I am running into a problem on the frontend, however. When my React/Vite frontend makes a request to this api, I see all the chunks logged in the console, but the app request waits for the last chunk before it will play. I think there’s buffering going on in the frontend.

If you can think of anything, let me know!

This is my solution:
github: kvsur/openai-speech-stream-player

1 Like

I believe you should use the response_format="opus" parameter. I don’t understand much about this, but I have a hunch that this might be the way to go.

If you manage to do it, please don’t forget to let us know!

This code works. Thank you @tonycamonte

I have had some level of success with this in the browser.
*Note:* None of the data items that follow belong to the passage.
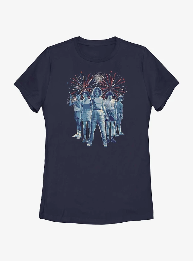 Stranger Things Group Fireworks Womens T-Shirt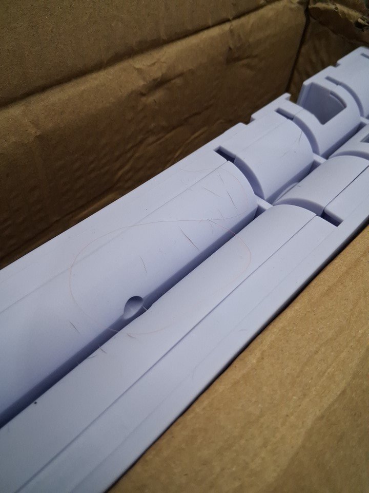 the removable foam pad appears to be indented as well as some hair on the product from previous use (see photos)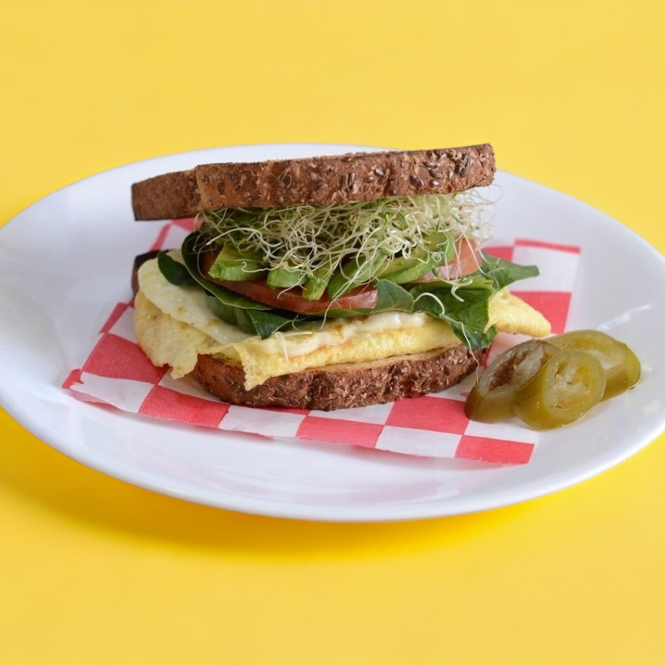 Pan integral , huevo en torta, queso panela asado, espinaca, tomate, alfalfa, aguacate.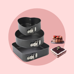 NFI Essentials Set of 3 Cake Baking Ingredients Springform Cake Pan Tin Baking Mold with Non-stick Removable Bottom Round, Square, and Heart-Shaped Cake Pans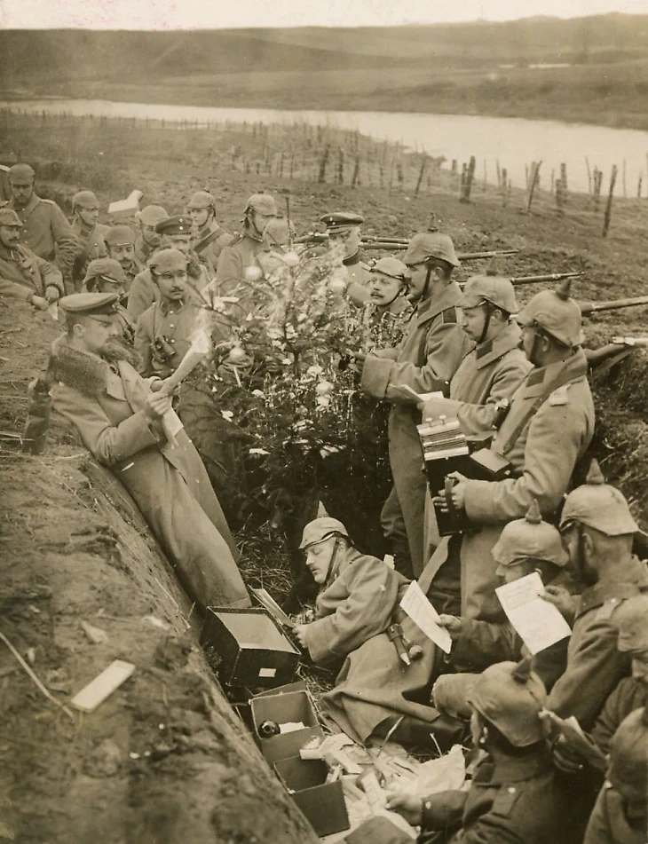 Поздно вечером в канун Рождества немецкие войска начали разворачивать подарки из дома, многие из бойцов получили рождественские елки со свечами. Когда немецкие солдаты зажгли свои фонари и выставили их на краю своих окопов, раздалось рождественское пение.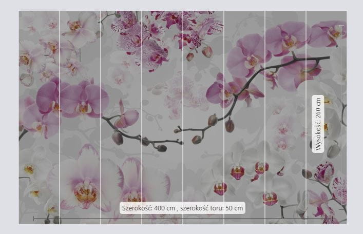 | Ilość elementów Fototapety | 8 pasów, każdy o szerokości 50 cm |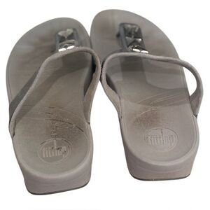 Fitflop Womens Pietra Pewter Leather T-Strap Sandals Rhinestone Thong Size 7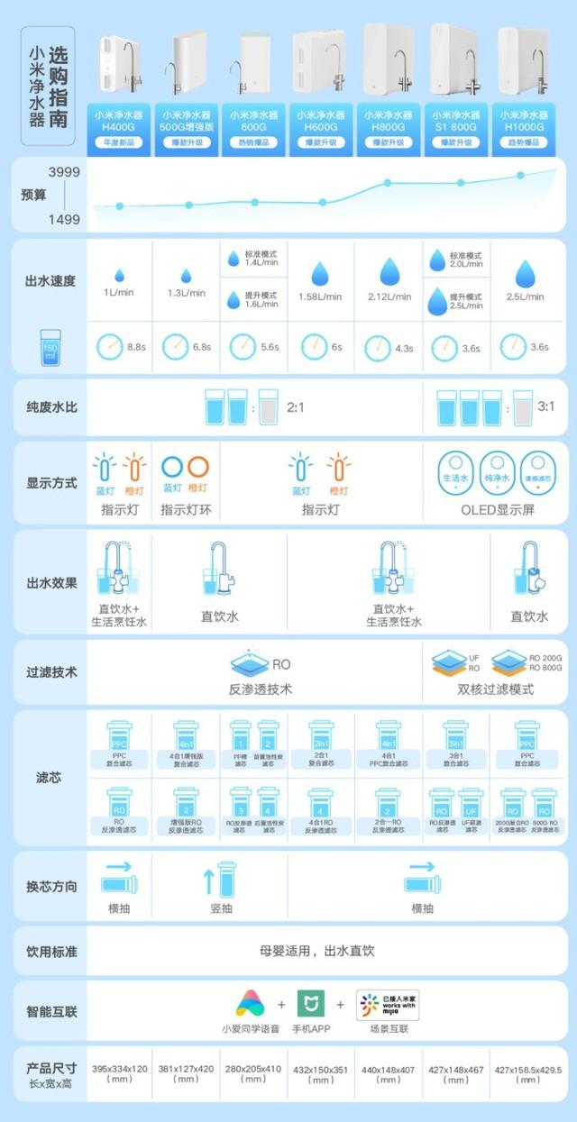现代家居当中净水机也是十分重要,小编曾经算过一笔账,使用净水机净化自来水三年成本比买桶装水更便宜。目前小米在售的净水机产品可谓是琳琅满目。我个人的购买建议是在保证流量够用的前提下挑便宜的买。

Here is my code, courtesy some help from GPT4:

const audio = document.getElementById('audio');
const mediaSource = new MediaSource();
audio.src = URL.createObjectURL(mediaSource);

mediaSource.addEventListener('sourceopen', sourceOpen);

async function sourceOpen() {
    const sourceBuffer = mediaSource.addSourceBuffer('audio/mpeg'); // Adjust MIME type as needed
    const rs = await fetch('https://api.openai.com/v1/audio/speech', {
        method: 'POST',
        headers: {
            Authorization: 'Bearer ' + openAIApiKey,
            'Content-Type': 'application/json',
        },
        body: JSON.stringify({
            input: 'What is up?!',
            model: 'tts-1',
            response_format: 'mp3',
            voice: 'echo',
        }),
    }).then((res) => res.body);

    const reader = rs.getReader();

    reader.read().then(function process({ done, value }) {
        if (done) {
            if (mediaSource.readyState === 'open') mediaSource.endOfStream();
            return;
        }
        // If value is not in the right format, you need to transcode it here
        sourceBuffer.appendBuffer(value);

        sourceBuffer.addEventListener('updateend', () => {
            if (!sourceBuffer.updating && mediaSource.readyState === 'open') {
                reader.read().then(process);
            }
        });
    });
}

The audio starts playing in the Audio HTML Element as soon as the first data chunks are returned from the API.

Have not gotten it to work yet with OPUS media type, and there are still several errors I have yet to work out.

I got the output of OAI TTS to stream. Here’s an example:

url = "https://api.openai.com/v1/audio/speech"
headers = {
    "Authorization": 'Bearer YOUR_API_KEY', 
}

data = {
    "model": model,
    "input": input_text,
    "voice": voice,
    "response_format": "opus",
}

with requests.post(url, headers=headers, json=data, stream=True) as response:
    if response.status_code == 200:
        buffer = io.BytesIO()
        for chunk in response.iter_content(chunk_size=4096):
            buffer.write(chunk)

I am having mixed results depending in the formats. Notably opus is not streamable to any of the browsers I have on my hand, e.g. Chrome, Safari, Firefox.

Did anybody of you managed to get opus to play in browser?

If so, care to share the snippets handling this format?